● **Action item**:
The lines below, from the one holding "在下列条件中:①②③④中,能确△ABC是直角三角形的定条件有" through the one holding "USED品。ヴェネチアレザー", are to be restated word for word, with all images left out.

● **Dataset records**:

▽

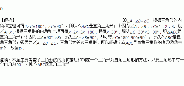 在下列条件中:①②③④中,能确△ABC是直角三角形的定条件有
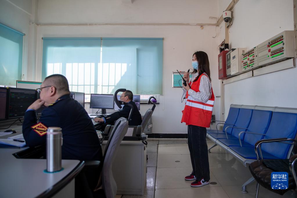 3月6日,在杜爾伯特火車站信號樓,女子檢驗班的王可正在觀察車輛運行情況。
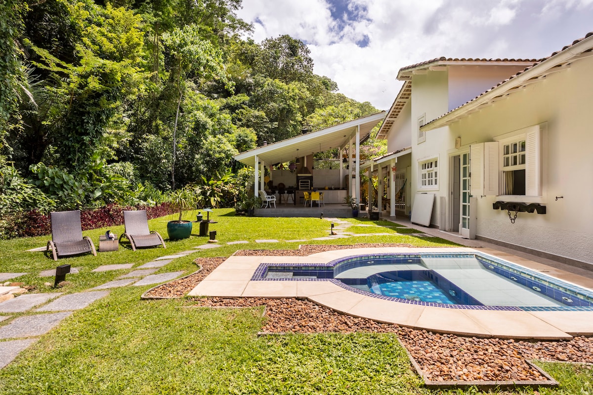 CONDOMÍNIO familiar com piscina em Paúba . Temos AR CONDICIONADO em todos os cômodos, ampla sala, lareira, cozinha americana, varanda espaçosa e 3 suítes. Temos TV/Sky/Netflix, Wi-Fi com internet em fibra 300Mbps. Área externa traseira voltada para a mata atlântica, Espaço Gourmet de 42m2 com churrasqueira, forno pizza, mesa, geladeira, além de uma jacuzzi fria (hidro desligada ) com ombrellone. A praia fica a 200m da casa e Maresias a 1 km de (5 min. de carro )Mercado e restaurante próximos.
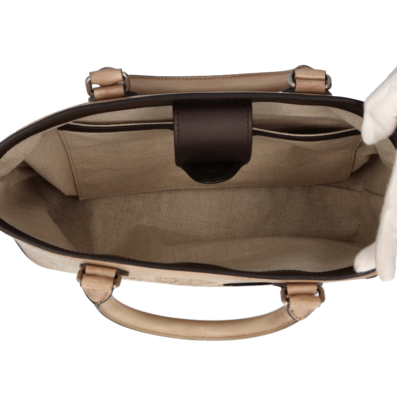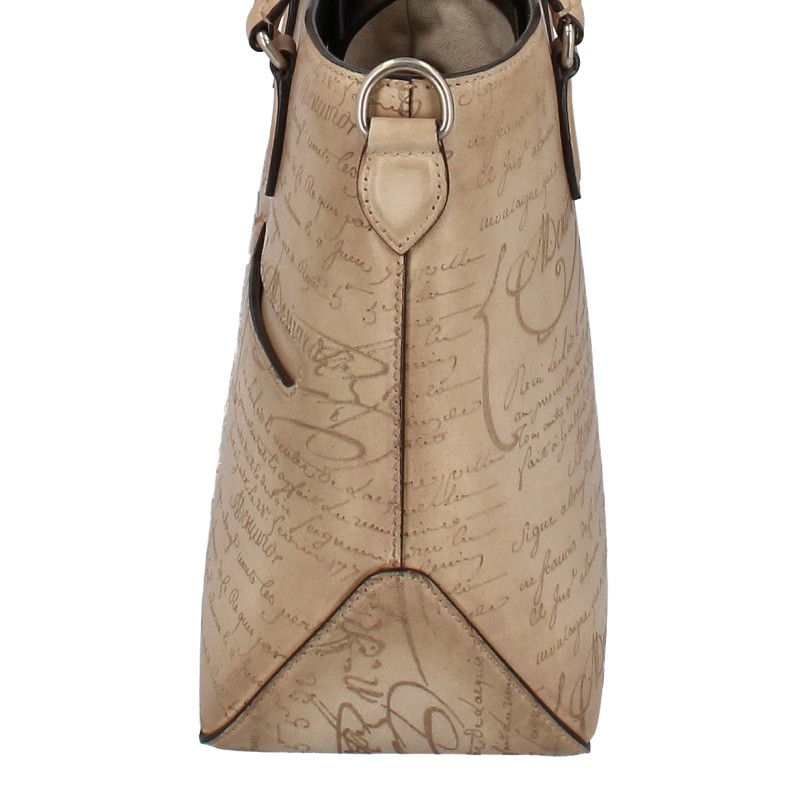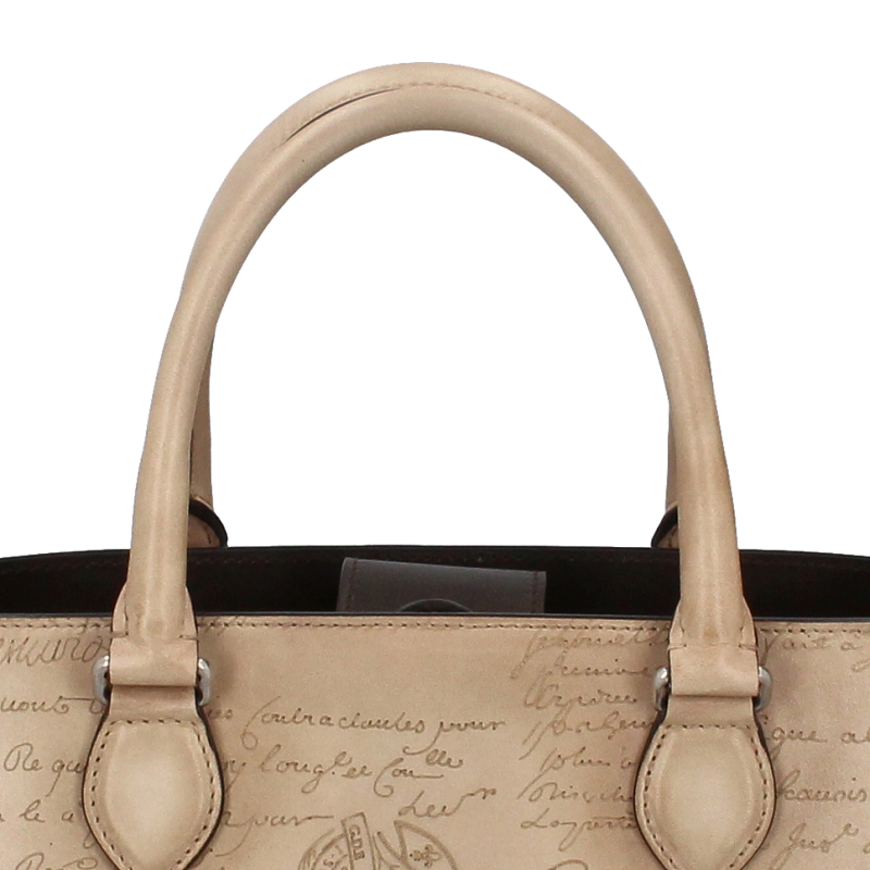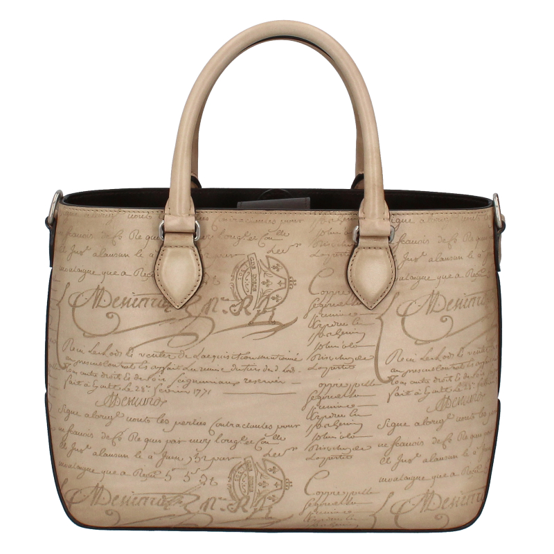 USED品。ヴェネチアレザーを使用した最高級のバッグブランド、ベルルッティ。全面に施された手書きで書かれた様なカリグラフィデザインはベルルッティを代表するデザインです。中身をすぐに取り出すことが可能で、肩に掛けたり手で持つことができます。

△
▽

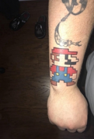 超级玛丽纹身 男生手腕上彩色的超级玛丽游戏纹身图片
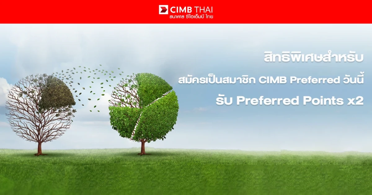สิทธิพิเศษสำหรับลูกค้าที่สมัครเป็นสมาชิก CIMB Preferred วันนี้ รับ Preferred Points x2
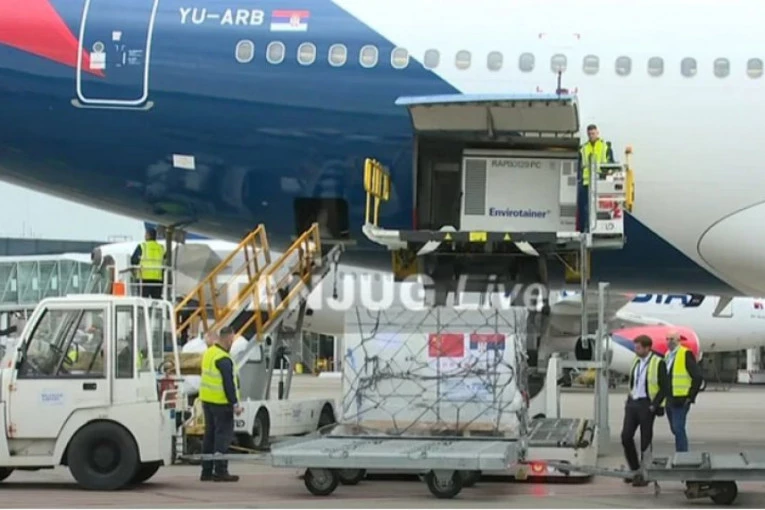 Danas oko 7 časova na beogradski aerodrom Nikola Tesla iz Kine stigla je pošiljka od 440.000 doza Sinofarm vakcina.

△

● **Exercise solution**:
 在下列条件中:①②③④中,能确△ABC是直角三角形的定条件有
 3月6日,在杜爾伯特火車站信號樓,女子檢驗班的王可正在觀察車輛運行情況。
 CONDOMÍNIO familiar com piscina em Paúba . Temos AR CONDICIONADO em todos os cômodos, ampla sala, lareira, cozinha americana, varanda espaçosa e 3 suítes. Temos TV/Sky/Netflix, Wi-Fi com internet em fibra 300Mbps. Área externa traseira voltada para a mata atlântica, Espaço Gourmet de 42m2 com churrasqueira, forno pizza, mesa, geladeira, além de uma jacuzzi fria (hidro desligada ) com ombrellone. A praia fica a 200m da casa e Maresias a 1 km de (5 min. de carro )Mercado e restaurante próximos.
 USED品。ヴェネチアレザーを使用した最高級のバッグブランド、ベルルッティ。全面に施された手書きで書かれた様なカリグラフィデザインはベルルッティを代表するデザインです。中身をすぐに取り出すことが可能で、肩に掛けたり手で持つことができます。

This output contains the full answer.